From the line containing "Seit 75 Jahren" through the last line of the data, both ends included, write out every line exactly; omit the pictures.

Collected data entries
########################################
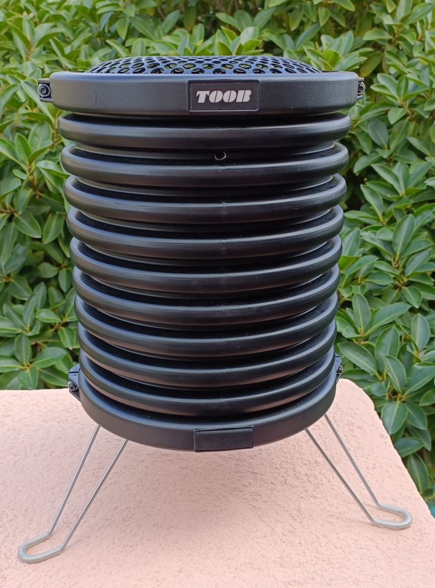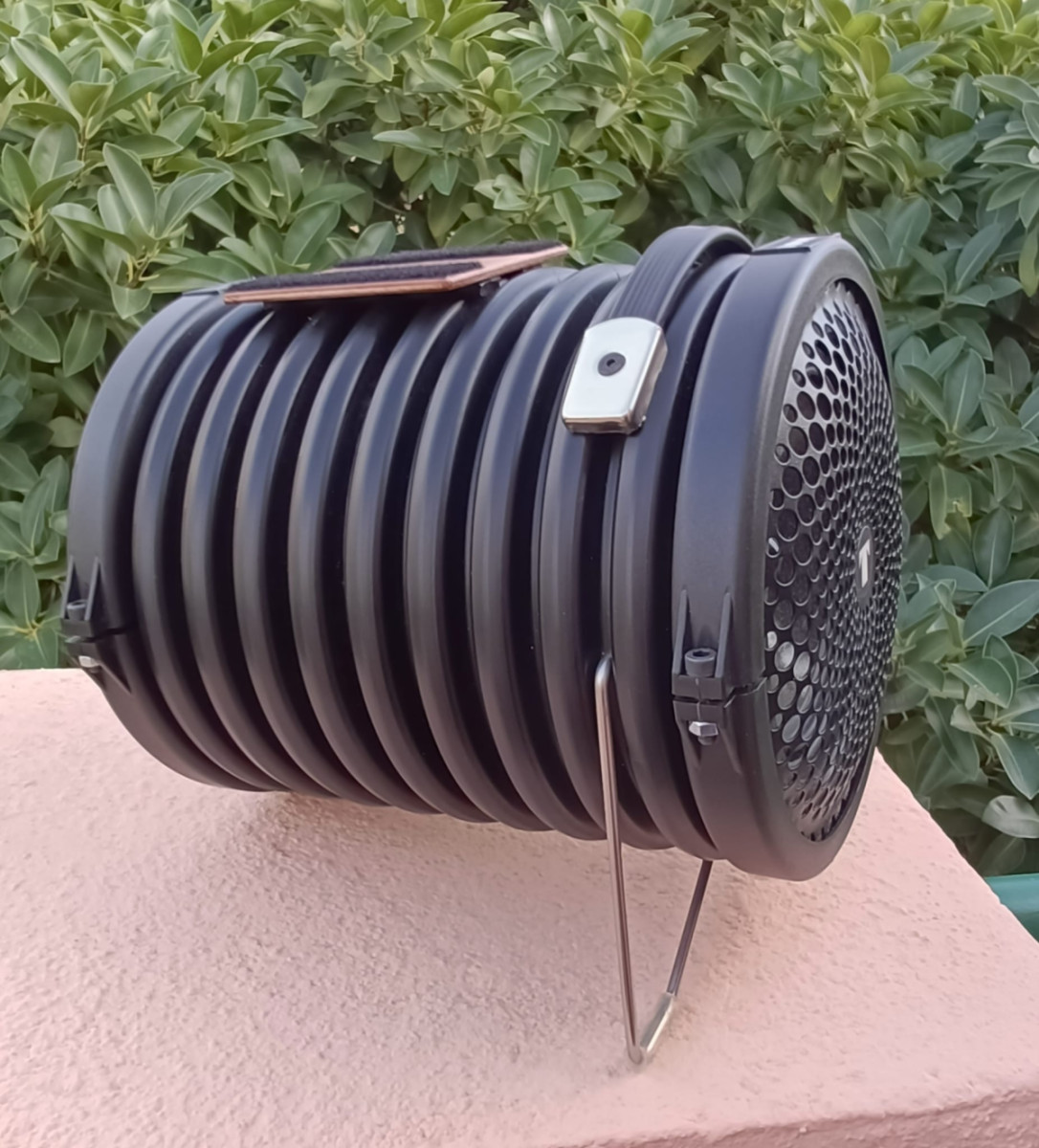 Rejilla de metal a medida • Elegante asa Cliff con tapas cromadas • Pata extraíble de alambre de acero inoxidable de 4 mm • Base con cierres de velcro para microamplificador • Dos conectores mono de 1/4″, cableado paralelo • Cable de conexión de 250 mm (10″) con conectores de cabeza plana • Conector ficticio para silenciar el conector inactivo • BG+: tres patas extraíbles de alambre de acero de 3 mm para posición vertical
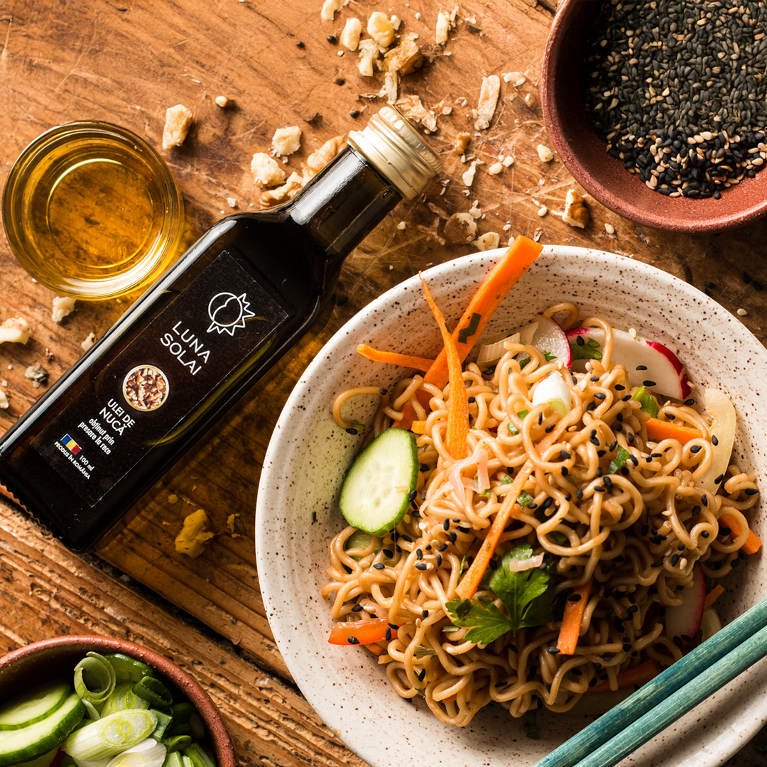 Walnut oil, obtained by cold pressing the dried Romanian walnut fruit, is a 100% natural oil with multiple benefits for the body.
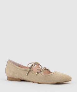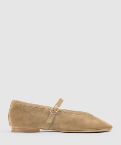 Edward Meller Women’s Flats Flavia Choked Up Ballet With Strap In Cashew Suede | Cashewsue
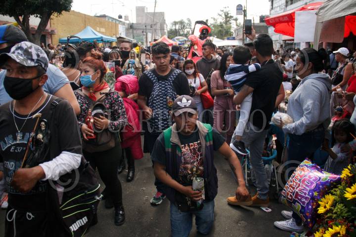 CIUDAD DE MÉXICO, 01NOVIEMBRE2020.- Pesé a la contingencia sanitaria a causa del virus SARS-CoV-2 creyentes de la Santa Muerte se congregaron sin medidas sanitarias para celebrar el día de esta en el altar ubicado en la calle Alfarería del Barrio de Tepito. FOTO: ANDREA MURCIA /CUARTOSCURO.COM
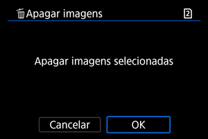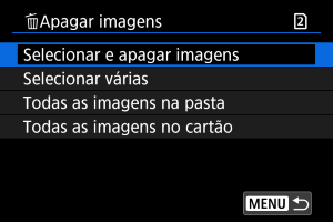 • Quando selecionar [Todas as imagens na pasta] ou [Todas as imagens no cartão] em [Reprodução: Apagar imagens], todas as imagens na pasta ou no cartão serão apagadas.
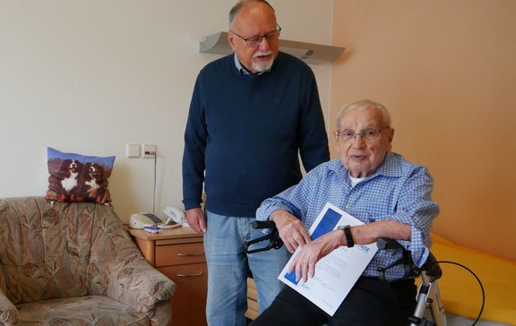 Seit 75 Jahren ist er Mitglied in der Gewerkschaft und wird in diesem Jahr 98 Lebensjahre erreichen. Zu diesem außergewöhnlichen Lebenspunkt haben die Vorsitzenden der EVG-Aalen den Kollegen Ferdinand Manz im Pflegeheim besucht.
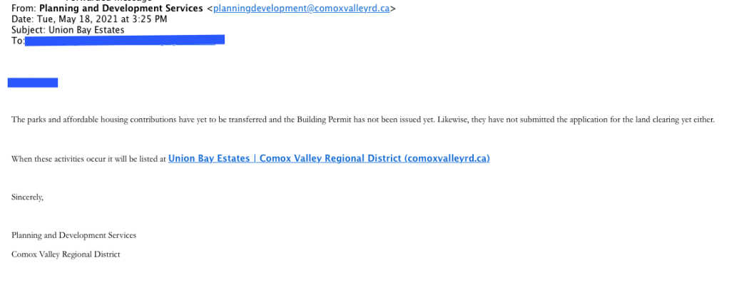 Email received today by an individual who has been asking about the building permit for the Discovery Centre, the 6 affordable housing lots required and the turning over of the parks and trails as well as the permit for the clearing above. Ole slick hasn’t done any of it.
########################################
REPLY TO THE TASK:
 Seit 75 Jahren ist er Mitglied in der Gewerkschaft und wird in diesem Jahr 98 Lebensjahre erreichen. Zu diesem außergewöhnlichen Lebenspunkt haben die Vorsitzenden der EVG-Aalen den Kollegen Ferdinand Manz im Pflegeheim besucht.
 Email received today by an individual who has been asking about the building permit for the Discovery Centre, the 6 affordable housing lots required and the turning over of the parks and trails as well as the permit for the clearing above. Ole slick hasn’t done any of it.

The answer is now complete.